→ Task
With pictures left out, retype exactly the lines from the one containing "또 다른 매력으로는 카페" through the final line of the entries.

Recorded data
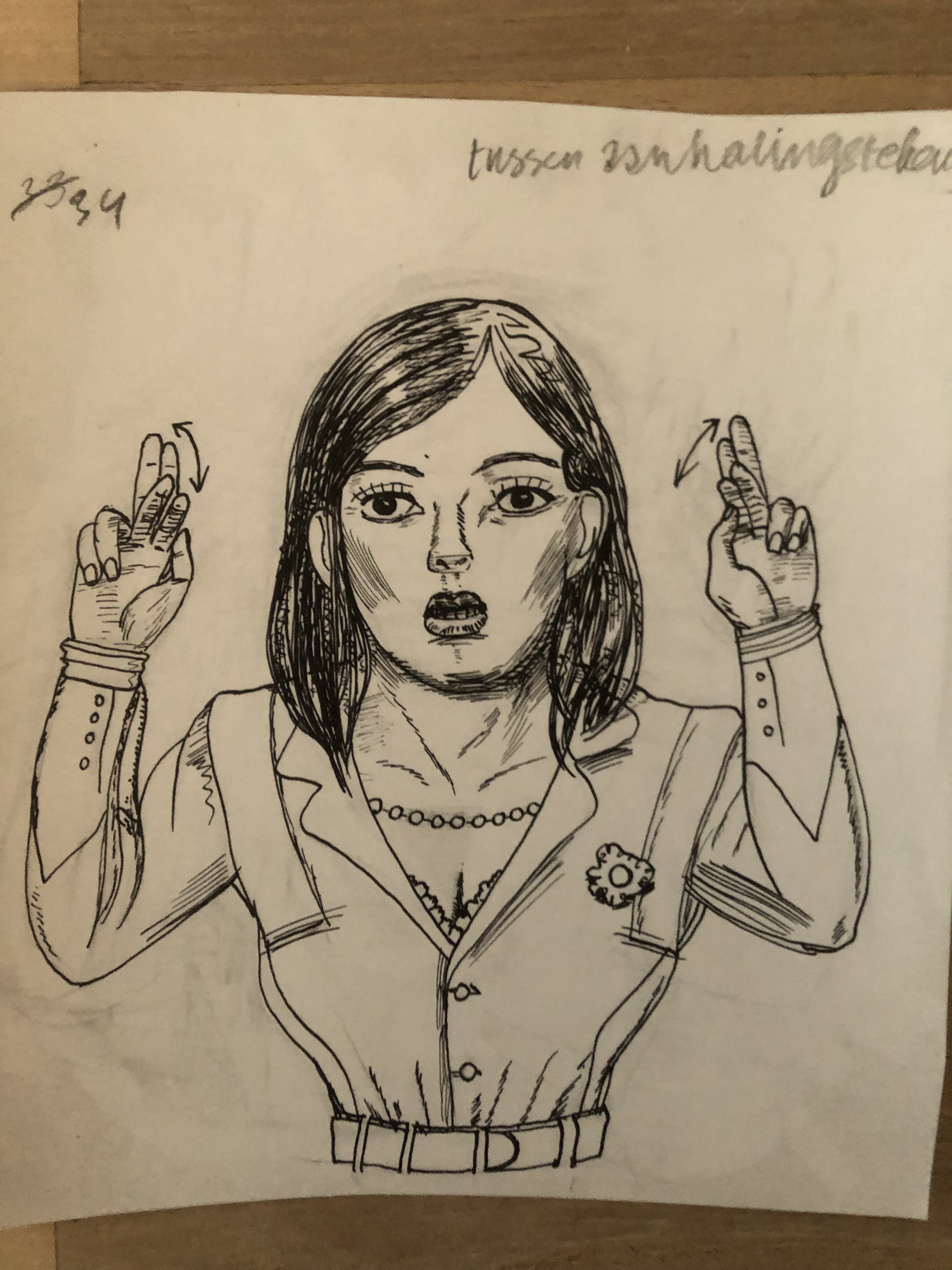 Pat Andrea Haagse kunstenaar die woont en werkt in Parijs en Argentinië. Bekend van zijn naakte vrouwen met grote hoofden werken. Dit is UNICA WERK dit is tekening uit het gebaren boekje.
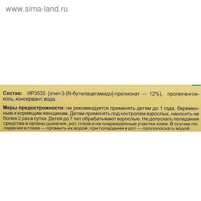 Содержит: ИР3535 (этил-3-[N-бутилацетамидо]-пропионат — 12%), пропиленгликоль, консервант, вода.
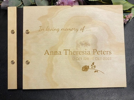 This stunning Bamboo or Premium Plywood guest book is a custom laser engraved and cut.
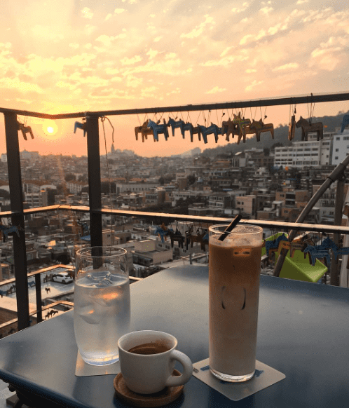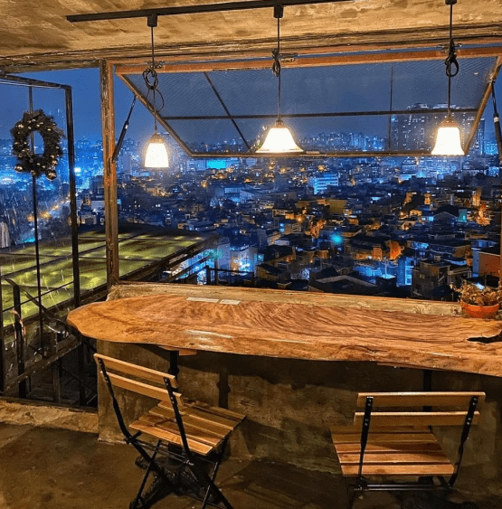 또 다른 매력으로는 카페 안에서 바라보는 이태원과 남산의 전경을 꼽을 수 있습니다. 내부에 설치된 통유리창으로 실내에서도 탁 트인 전망을 감상할 수 있죠.
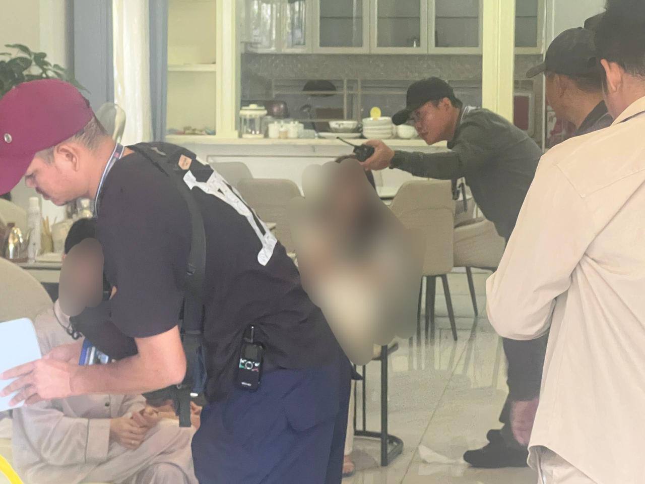 今日上午11点,金边炳发城的这栋别墅被几十个宪兵围捕,抓了几个中国人,6男2女,都是中国国籍,只有一个人有护照,所有人从缅甸偷渡过来的。现在场面还在僵持着,据说在里面搜索出来有手枪,还有K粉,还有涉嫌绑架的嫌疑。最近这几个月,很多缅甸那边偷渡过来的人,再加上年底了,到处都很乱,请大家注意安全

→ Task answer
 또 다른 매력으로는 카페 안에서 바라보는 이태원과 남산의 전경을 꼽을 수 있습니다. 내부에 설치된 통유리창으로 실내에서도 탁 트인 전망을 감상할 수 있죠.
 今日上午11点,金边炳发城的这栋别墅被几十个宪兵围捕,抓了几个中国人,6男2女,都是中国国籍,只有一个人有护照,所有人从缅甸偷渡过来的。现在场面还在僵持着,据说在里面搜索出来有手枪,还有K粉,还有涉嫌绑架的嫌疑。最近这几个月,很多缅甸那边偷渡过来的人,再加上年底了,到处都很乱,请大家注意安全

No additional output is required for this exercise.